We acknowledge the reviewer’s concerns regarding Figure EV8 and the DEER data for T211R1. Upon re-evaluation, we recognize that the non-oscillating nature of the DEER data for T211R1 leads to broad distributions, indicating increased conformational dynamics, which is expected for a highly dynamic loop. Consequently, we have limited the discussion and interpretation of T211R1 in the revised manuscript and focused more on C599R1.
Reviewer #3 (Recommendations for the authors):
A careful interpretation of the data in view of these limitations and without directly linking to asymmetry could solve the problem of the over-interpretation of the DEER data.
We respectfully disagree with the reviewer. Please see our detailed response above.
Additional comments:
(1) Did the authors use a Cys-less construct for spin labeling and DEER experiments?
We utilized a nearly Cys-less construct in which all native cysteines were mutated to serine, except for Cys183, which was retained due to its buried location and functional importance.
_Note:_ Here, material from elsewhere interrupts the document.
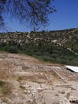 The city is situated in a strategic geographical position: it is safeguarded by mountains to the south but retains access to the sea in the north and it controls important roads located north and east of the city.[9] The acropolis can be accessed via a narrow route overlooked by a tower, the Greek word for which ("πύργος,"pýrgos") lends its name to the nearby hill: Pyrgi. This hill is itself flanked by two torrent-beds, of which the western side is called Haplota and the eastern is called Farangitis. Excavations of the natural terrace on the hill, the central plateau, revealed hundreds of small obsidian pieces—comprising materials such as flakes, cores, and blades—dating to the Early Minoan period alongside pottery from the Early Minoan to the Late Minoan IIIc period. The Early Minoan pottery samples included wares imported from Vasiliki, Pyrgos, and Agios Onoufrios.[10]

We then introduced single cysteine mutations for spin labelling. For C599, Ser599 was reverted to cysteine.
(2) The time data for position T211R1 is too short for most cases (Figure EV8D) for a reliable distance determination. No confidence interval is given for the '+Ca' sample distance distributions.
We recorded longer time traces for two of the conditions to better assign the background. We did not use the 211R1 data to reach any conclusions regarding asymmetry, which were based on the 525R1 and the 599R1 data. We now simply include T211R1 data to indicate the high mobility observed at loop5-6. We have added the confidence interval for the +Ca condition.
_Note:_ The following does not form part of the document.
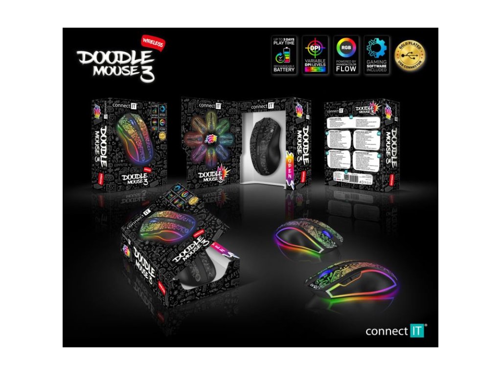 Profesionálna bezdrôtová gamingová myš DOODLE 3 je navrhnutá pre náročných hráčov počítačových hier. Vyznačuje sa spektakulárnym Rainbow LED podsvietením, vysokou presnosťou a pokročilými funkciami pre maximálny herný výkon.

(3) It is recommended to mention the 2+1 artefact obvious at the end of the DEER data.
In the methods section, we have mentioned that the “2+1” artefact present at the end of the S525R1, and T211R1 DEER data likely arises from using a 65 MHz offset, rather than an 80 MHz offset (as for the C599R1 data), which avoids significant overlap of the pump and detection pulses. We also mention in the methods section that owing to the intense “2+1” artefact, the decision was made to truncate the artefact away, to minimise the impact on data treatment. As for motivation to use the lower offset of 65 MHz, we did so to maximise the achievable signal-to-noise ratio (SNR), as particularly for the T211R1 data, the detected echo was quite weak. This was further exacerbated by the poor transverse relaxation time observed at that site.
(4) Please check the number of significant digits for all the reported values.
We have addressed the number of significant digits as requested.
(5) Please report the mean distances from DEER experiments with the standard deviation or FWHM.
We have addressed this in the revised manuscript, we report modal distances rather than the mean distances and provide the FWHM and standard deviation.